WhatsArchive is a command-line tool to parse and export WhatsApp chat transcripts. It supports exporting data in multiple formats (JSON, TXT, HTML) and includes options for handling media files.
First, clone the repository and navigate into the project directory. Run the following command to install the required dependencies:
npm install
This tool requires exiftool
and ffmpeg
to be installed for media file validation and conversion.
To install exiftool
, follow these steps:
- macOS: Run
brew install exiftool
if you have Homebrew installed. - Linux: Run
sudo apt install exiftool
(for Debian/Ubuntu-based systems). - Windows: Download the installer from the official ExifTool website and follow the instructions.
To install ffmpeg
, follow these steps:
- macOS: Run
brew install ffmpeg
. - Linux: Run
sudo apt install ffmpeg
(for Debian/Ubuntu-based systems). - Windows: Download the installer from the official FFmpeg website and follow the instructions.
Ensure both exiftool
and ffmpeg
are accessible from the command line.
To use the tool, run the following command:
npm start -- --input <file_path> --output <output_directory> [options]
Replace <file_path>
with the path to your .zip
file containing the WhatsApp chat transcript, and <output_directory>
with the path where the parsed output will be saved.
input
Required. Specifies the input file path.--output
Required. Specifies the output directory where the parsed data and/or media will be saved.--convert-to
<json | txt | html> DEFAULT: JSON Specifies the output format. Supports json, txt, or html.--convert-opus
Converts .opus audio files to .mp3 format for compatibility with more audio players. Requires ffmpeg.--no-media
Skips downloading media files; only the chat transcript will be saved.

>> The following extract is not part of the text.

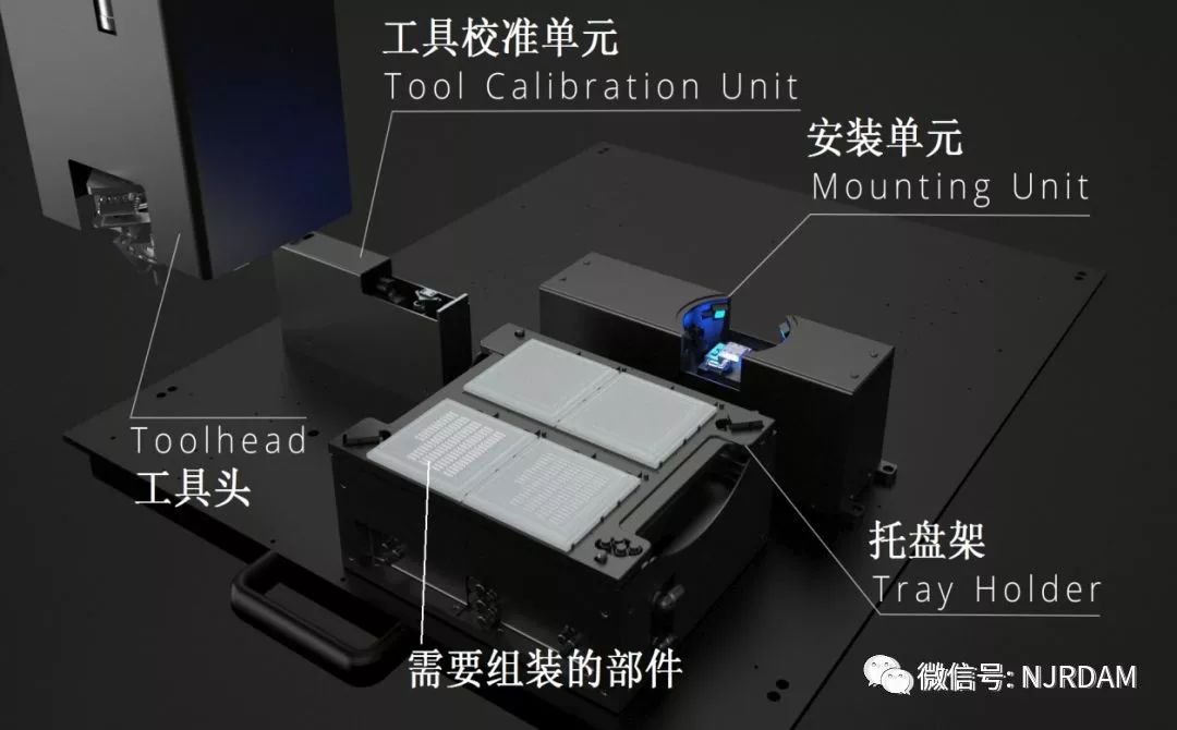 2) 加工头拾起放在托盘架上的元件并通过移动将其放在安装单元的平台上。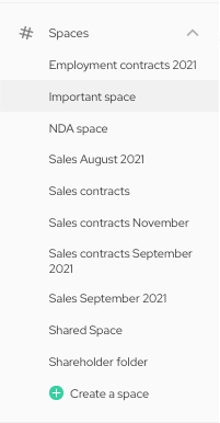 Spaces can also be considered as virtual data rooms, in which you can collaborate with your teammates or business partners on a project and keep track of documents that need to be signed.

The WhatsArchive CLI tool includes a mock data generator (mocker.ts
) that creates a test .zip
file containing a simulated WhatsApp chat transcript along with optional media files. This can be useful for testing the tool.
To generate a mock .zip
file, run the following command:
npm run mock -- --output <output_zip_path> [options]
--output
<path>
(Required) - Specifies the output path where the mock.zip
file will be saved.--messageCount
<number>
(Optional) - Number of messages to generate (default:100
).--textToMediaRatio
<number>
(Optional) - Defines the ratio of text messages to media messages (default:5
).--addMedia
(Optional) - Includes media messages in the chat if enabled.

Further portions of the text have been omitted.